+++ Records for the exercise +++

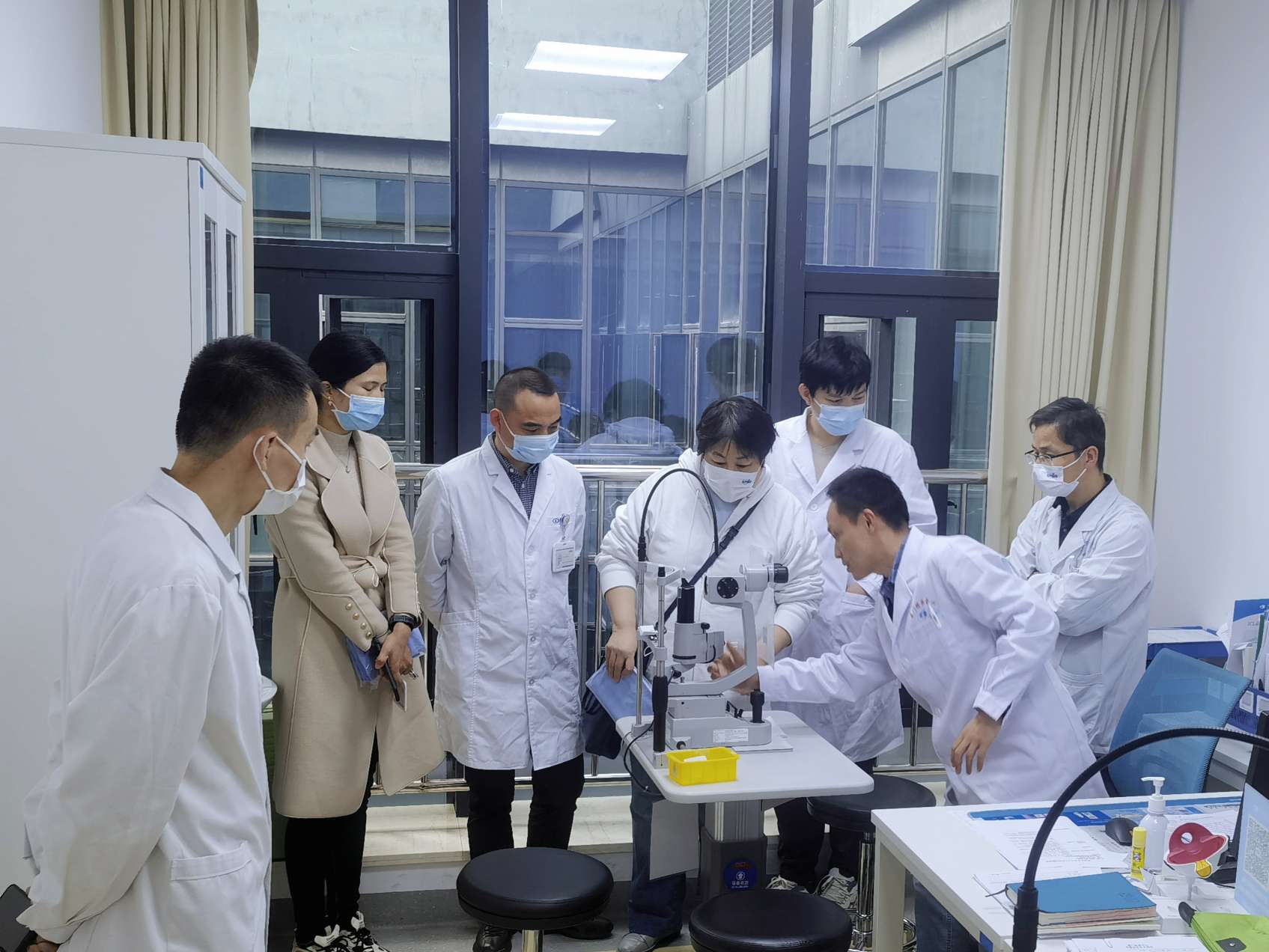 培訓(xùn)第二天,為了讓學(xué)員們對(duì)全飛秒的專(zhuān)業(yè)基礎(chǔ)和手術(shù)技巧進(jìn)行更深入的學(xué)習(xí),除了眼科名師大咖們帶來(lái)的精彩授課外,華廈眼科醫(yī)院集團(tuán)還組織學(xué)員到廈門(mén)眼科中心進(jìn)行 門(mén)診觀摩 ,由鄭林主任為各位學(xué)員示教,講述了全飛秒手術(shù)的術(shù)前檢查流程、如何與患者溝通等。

+++
+++ Records for the exercise +++

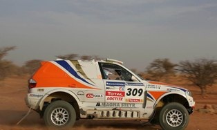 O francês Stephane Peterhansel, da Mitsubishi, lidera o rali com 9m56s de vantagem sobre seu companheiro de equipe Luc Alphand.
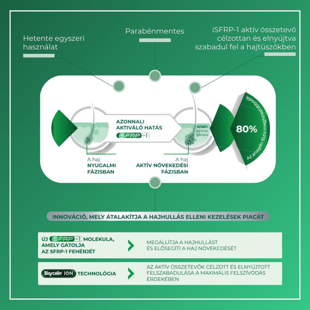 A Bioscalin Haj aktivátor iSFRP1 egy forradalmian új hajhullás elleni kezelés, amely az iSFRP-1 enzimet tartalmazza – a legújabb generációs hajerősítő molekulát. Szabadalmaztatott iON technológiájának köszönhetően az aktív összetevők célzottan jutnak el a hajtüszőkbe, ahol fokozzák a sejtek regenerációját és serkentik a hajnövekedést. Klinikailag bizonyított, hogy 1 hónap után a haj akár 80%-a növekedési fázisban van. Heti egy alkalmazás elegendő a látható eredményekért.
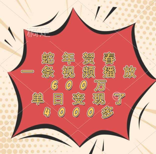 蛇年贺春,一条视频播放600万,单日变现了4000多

+++
+++ Records for the exercise +++

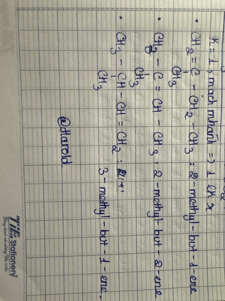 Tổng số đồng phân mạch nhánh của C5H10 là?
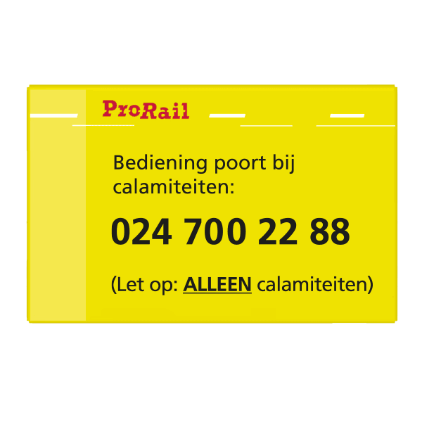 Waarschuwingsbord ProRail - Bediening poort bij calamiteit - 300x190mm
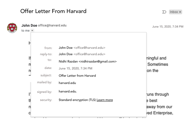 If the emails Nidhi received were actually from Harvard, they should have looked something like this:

+++

Copy word for word the lines above, starting at the line containing "Waarschuwingsbord ProRail - Bediening" and ending at the line containing "If the emails", inclusive, with no pictures.

Result of this exercise:
 Waarschuwingsbord ProRail - Bediening poort bij calamiteit - 300x190mm
 If the emails Nidhi received were actually from Harvard, they should have looked something like this:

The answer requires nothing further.